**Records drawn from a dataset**
☆ ☆ ☆ ☆

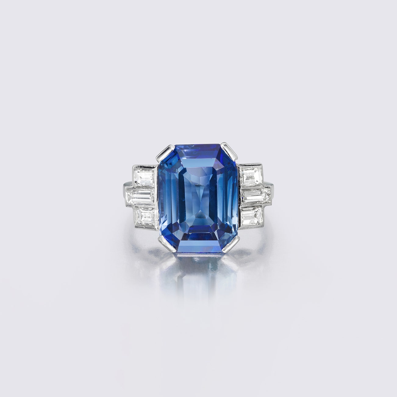 Set with a rectangular-shaped sapphire weighing 9.53 carats, accented by baguette diamonds, mounted in platinum, size 5, with maker's mark.
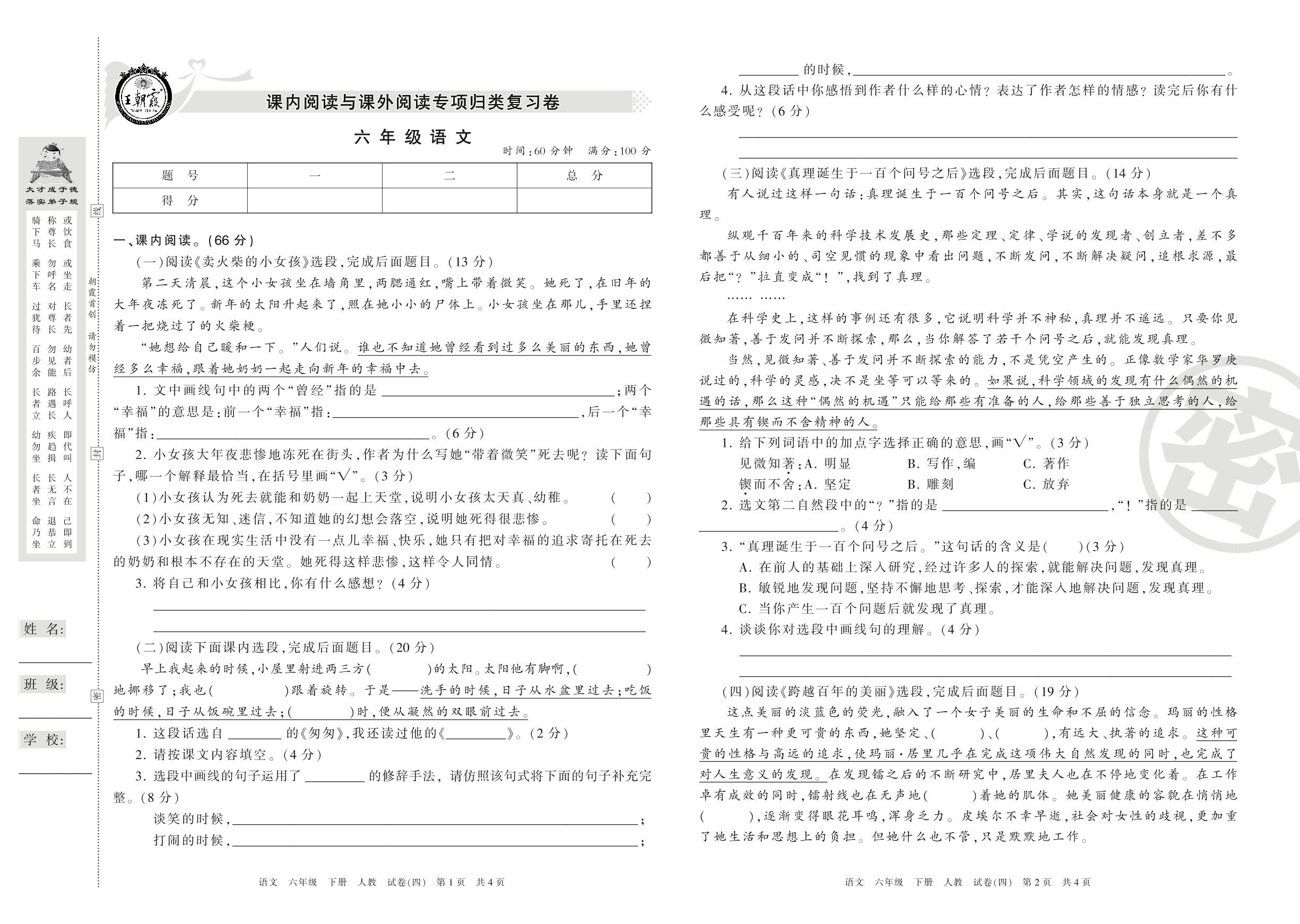 王朝霞期末专项卷六年级下册语文(人教版)_R21080250603【4】
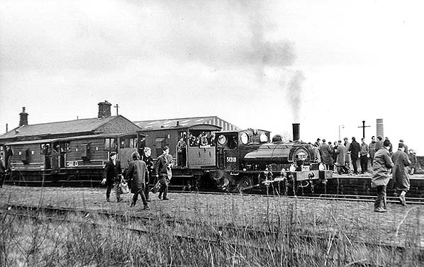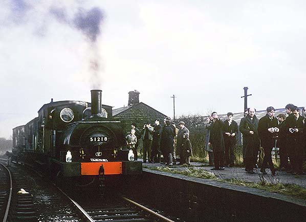![]() Looking south-east at Shawclough & Healey station on 19 February 1967 on the occasion of the LCGB and Roch Valley Railway Society ‘L&Y Pug Rail Tour’ which visited the surviving section of the Rochdale–Bacup line whose terminus from 1963–67 was Whitworth. Photo-stops were made at Wardleworth and, here, at Shawclough & Healey. Although passenger trains were discontinued in 1947 the station building remained in use until January 1964 as the goods office where the stationmaster / goods agent for Shawclough, Whitworth and (until 1963) Facit was based. In the days when this railtour took place there were no ‘health and safety’ qualms about allowing the passengers to use the abandoned platform or even stroll around on the tracks. Goods were handled in the station’s sidings until 1964, and three years later the goods warehouse, in the background, is still in place. The locomotive, No.51218 is an Aspinall 0-4-0 saddle tank, fondly known as a ‘Pug’. She was built at the LYR Horwich works in October 1901 and as a LYR Class 21 first carried the number 68, being re-numbered 11218 in LMS days. On 30 September 1964 she was withdrawn from 87A, Neath Court Sart shed, and was purchased by the L&Y Saddletanks Fund and housed on the Keighley & Worth Valley Railway. The Saddletanks Fund later became the Lancashire & Yorkshire Railway Preservation Society, and more recently the Lancashire & Yorkshire Railway Trust, which now owns 51218.Three round trips in four brake vans trips were made on the tour between Rochdale and Whitworth, the northern terminus of the line.
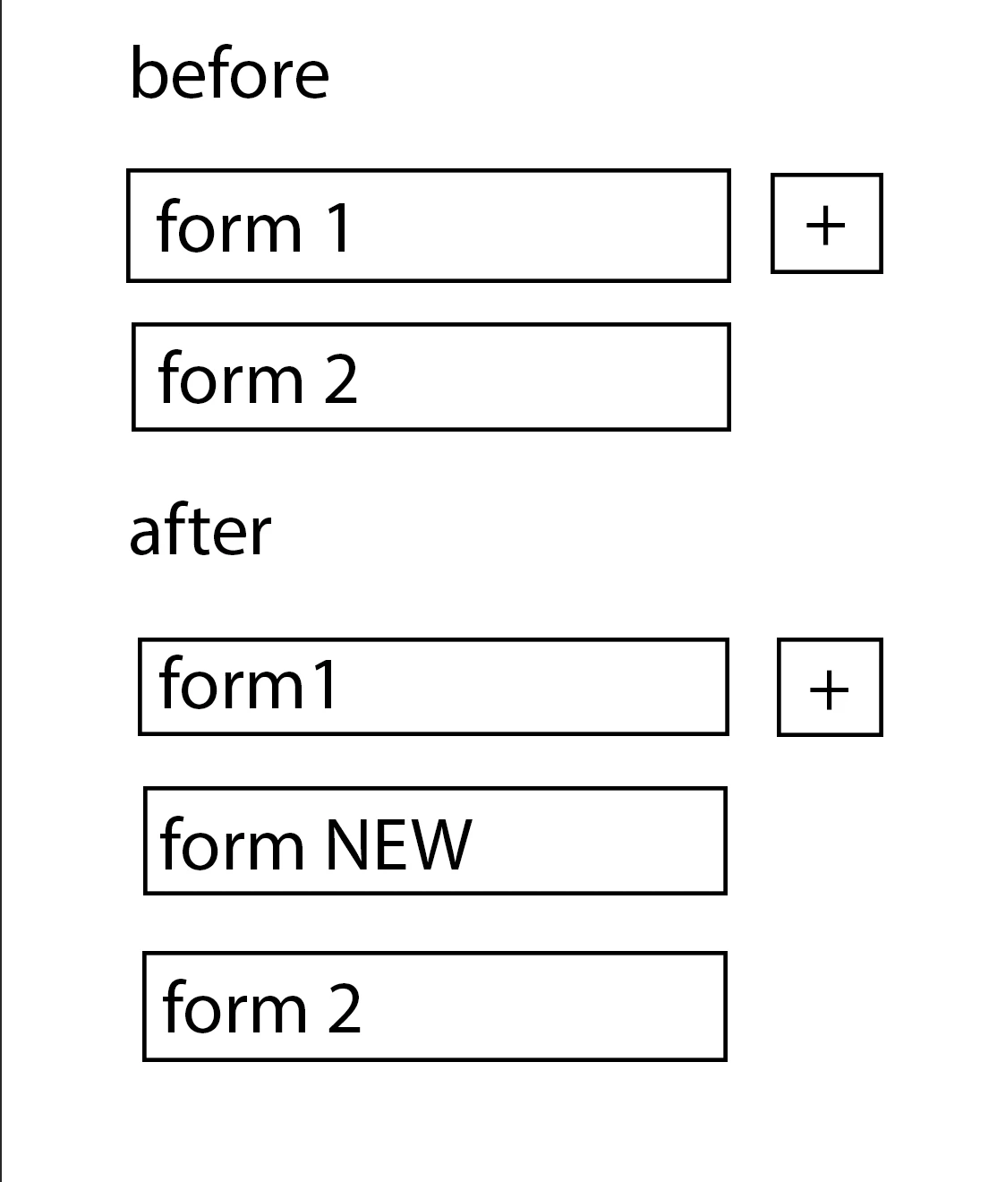 but I need this to be added in the middle of an existing form, so the one on the bottom should move to create the space where will appears the new one.
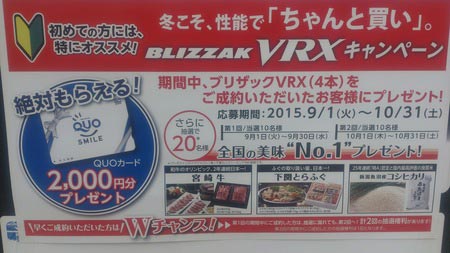プレミアムスタッドレスVRXを御予約で、抽選で全国の美味しい物が
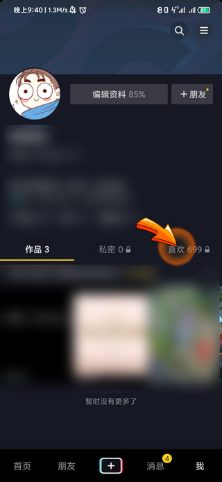 2、进入我的页面后,点击页面中部右侧的“喜欢”选项。
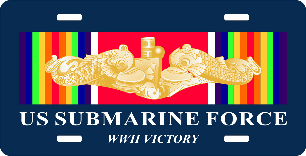This Navy World World Two Ribbon With Gold Dolphins License Plate is made from heavy gauge aluminum and has a baked enamel finish to last for many years of use. Each plate measures 5 15/16" x 11 15/16". This license plate would make a wonderful addition to your collection or a great gift.
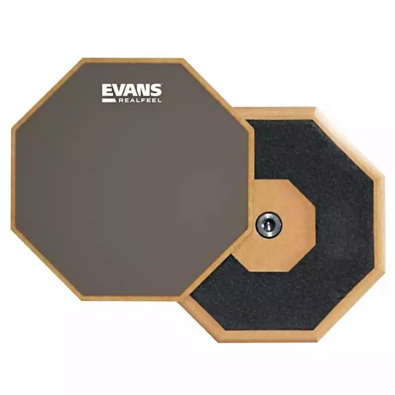 El Evans RF6GM es un pad de práctica de un solo lado de 6 pulgadas con una superficie de goma natural y un fondo de espuma suave. Está diseñado para replicar el rebote de una caja y puede usarse como un sustituto silencioso de un tambor acústico. El RF6GM tiene un inserto roscado de 8 mm en la parte inferior para montarlo en la mayoría de los soportes de platillos estándar o en el soporte de pad de práctica Evans ARFSTD. También es lo suficientemente pequeño como para guardarlo en una bolsa para palos.
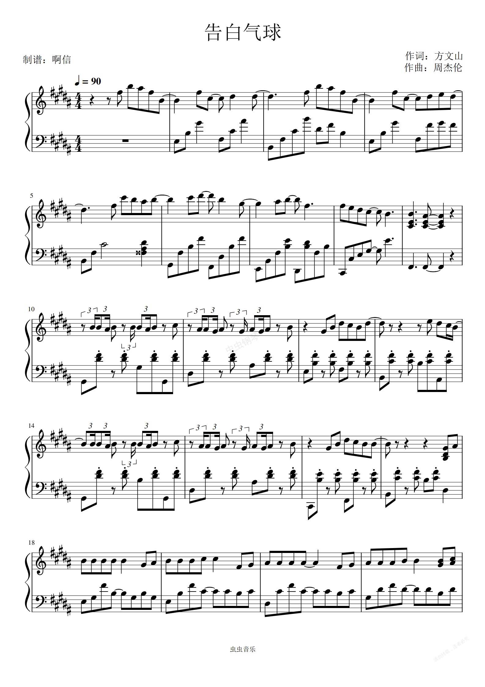 钢琴谱:极限原版-告白气球-B调--啊信改编
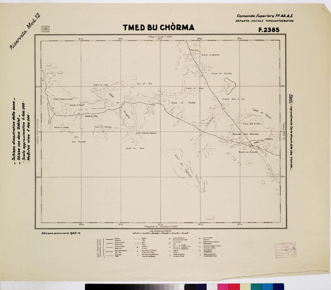 "COMANDO SUPERIORE F.F.A.A. REPARTO SPECIALE TOPOCARTOGRAFICO. Ingrandimento Carta dimostrativa della Libia 1:400.000 rilevamento della costa eseguito dalla R. Marina tracciato della Via Balbia dell'Ufficio Spec.le della Strada. Itinerari vari eseguiti da topografi dell'I.G.M. determinazioni astronomiche speditive e triangolazioni trigonometriche dell'I.G.M. e della R. Marina. Informazioni varie."
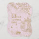This enchanting and elegant party invitation features a soft pink coloured background and a whimsical, fairy tale theme image printed in a gold glitter design.
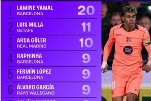 体育资讯02月05日讯 本赛季西甲截止至今,据Squawka统计,亚马尔在多项数据霸榜。
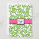 Convites para Casamentos tema damasco de cor-de-rosa e Verde limão—correspondem às placas RSVP e mais encontram-se abaixo nesta página. Cada convite apresenta um impressão de folha floral em branco sobre um fundo verde limão. A parte frontal e traseira também apresenta uma banda rosa quente com um monograma quadrado que você pode personalizar para o sobrenome inicial do grupo.
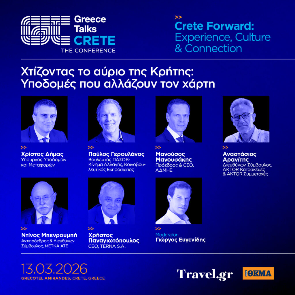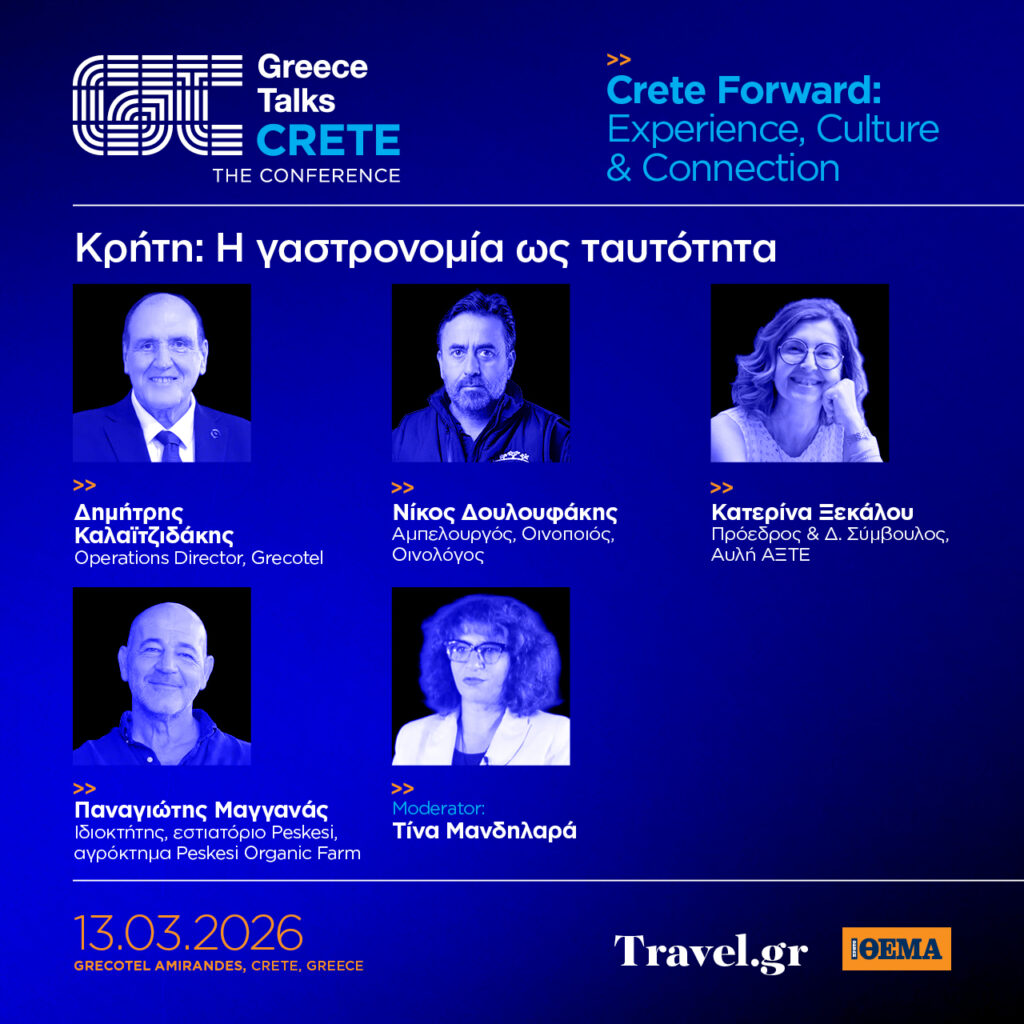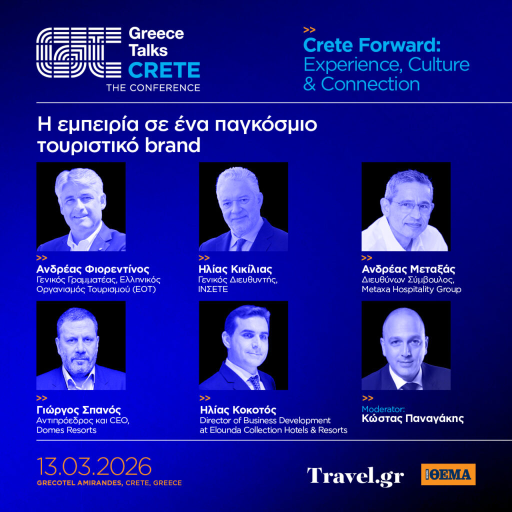 Η Κρήτη είναι ένας τόπος με ισχυρή οικονομία, η οποία εξελίσσεται με σταθερό ρυθμό εδώ και δεκαετίες. Αυτή τη στιγμή το νησί βρίσκεται στο επίκεντρο των εξελίξεων, καθώς σημαντικές επενδύσεις, νέες υποδομές, μεγάλα διεθνή ονόματα επαναπροσδιορίζουν τον ρόλο του στον ευρωπαϊκό ταξιδιωτικό χάρτη. Υπό αυτό το πρίσμα, το νησί μπαίνει στο επίκεντρο ενός ανοικτού διαλόγου μέσα από το συνέδριο του Travel.gr Greece Talks, Crete Forward: Experience, Culture & Connection, που θα πραγματοποιηθεί στις 13 Μαρτίου στο Grecotel Amirandes, στο Ηράκλειο της Κρήτης.

☆ ☆ ☆ ☆

Set down all the data again exactly as above, pictures excluded.

**Answer to this task**
 Set with a rectangular-shaped sapphire weighing 9.53 carats, accented by baguette diamonds, mounted in platinum, size 5, with maker's mark.
 王朝霞期末专项卷六年级下册语文(人教版)_R21080250603【4】
![]() Looking south-east at Shawclough & Healey station on 19 February 1967 on the occasion of the LCGB and Roch Valley Railway Society ‘L&Y Pug Rail Tour’ which visited the surviving section of the Rochdale–Bacup line whose terminus from 1963–67 was Whitworth. Photo-stops were made at Wardleworth and, here, at Shawclough & Healey. Although passenger trains were discontinued in 1947 the station building remained in use until January 1964 as the goods office where the stationmaster / goods agent for Shawclough, Whitworth and (until 1963) Facit was based. In the days when this railtour took place there were no ‘health and safety’ qualms about allowing the passengers to use the abandoned platform or even stroll around on the tracks. Goods were handled in the station’s sidings until 1964, and three years later the goods warehouse, in the background, is still in place. The locomotive, No.51218 is an Aspinall 0-4-0 saddle tank, fondly known as a ‘Pug’. She was built at the LYR Horwich works in October 1901 and as a LYR Class 21 first carried the number 68, being re-numbered 11218 in LMS days. On 30 September 1964 she was withdrawn from 87A, Neath Court Sart shed, and was purchased by the L&Y Saddletanks Fund and housed on the Keighley & Worth Valley Railway. The Saddletanks Fund later became the Lancashire & Yorkshire Railway Preservation Society, and more recently the Lancashire & Yorkshire Railway Trust, which now owns 51218.Three round trips in four brake vans trips were made on the tour between Rochdale and Whitworth, the northern terminus of the line.
 but I need this to be added in the middle of an existing form, so the one on the bottom should move to create the space where will appears the new one.
プレミアムスタッドレスVRXを御予約で、抽選で全国の美味しい物が
 2、进入我的页面后,点击页面中部右侧的“喜欢”选项。
This Navy World World Two Ribbon With Gold Dolphins License Plate is made from heavy gauge aluminum and has a baked enamel finish to last for many years of use. Each plate measures 5 15/16" x 11 15/16". This license plate would make a wonderful addition to your collection or a great gift.
 El Evans RF6GM es un pad de práctica de un solo lado de 6 pulgadas con una superficie de goma natural y un fondo de espuma suave. Está diseñado para replicar el rebote de una caja y puede usarse como un sustituto silencioso de un tambor acústico. El RF6GM tiene un inserto roscado de 8 mm en la parte inferior para montarlo en la mayoría de los soportes de platillos estándar o en el soporte de pad de práctica Evans ARFSTD. También es lo suficientemente pequeño como para guardarlo en una bolsa para palos.
 钢琴谱:极限原版-告白气球-B调--啊信改编
 "COMANDO SUPERIORE F.F.A.A. REPARTO SPECIALE TOPOCARTOGRAFICO. Ingrandimento Carta dimostrativa della Libia 1:400.000 rilevamento della costa eseguito dalla R. Marina tracciato della Via Balbia dell'Ufficio Spec.le della Strada. Itinerari vari eseguiti da topografi dell'I.G.M. determinazioni astronomiche speditive e triangolazioni trigonometriche dell'I.G.M. e della R. Marina. Informazioni varie."
This enchanting and elegant party invitation features a soft pink coloured background and a whimsical, fairy tale theme image printed in a gold glitter design.
 体育资讯02月05日讯 本赛季西甲截止至今,据Squawka统计,亚马尔在多项数据霸榜。
 Convites para Casamentos tema damasco de cor-de-rosa e Verde limão—correspondem às placas RSVP e mais encontram-se abaixo nesta página. Cada convite apresenta um impressão de folha floral em branco sobre um fundo verde limão. A parte frontal e traseira também apresenta uma banda rosa quente com um monograma quadrado que você pode personalizar para o sobrenome inicial do grupo.
 Η Κρήτη είναι ένας τόπος με ισχυρή οικονομία, η οποία εξελίσσεται με σταθερό ρυθμό εδώ και δεκαετίες. Αυτή τη στιγμή το νησί βρίσκεται στο επίκεντρο των εξελίξεων, καθώς σημαντικές επενδύσεις, νέες υποδομές, μεγάλα διεθνή ονόματα επαναπροσδιορίζουν τον ρόλο του στον ευρωπαϊκό ταξιδιωτικό χάρτη. Υπό αυτό το πρίσμα, το νησί μπαίνει στο επίκεντρο ενός ανοικτού διαλόγου μέσα από το συνέδριο του Travel.gr Greece Talks, Crete Forward: Experience, Culture & Connection, που θα πραγματοποιηθεί στις 13 Μαρτίου στο Grecotel Amirandes, στο Ηράκλειο της Κρήτης.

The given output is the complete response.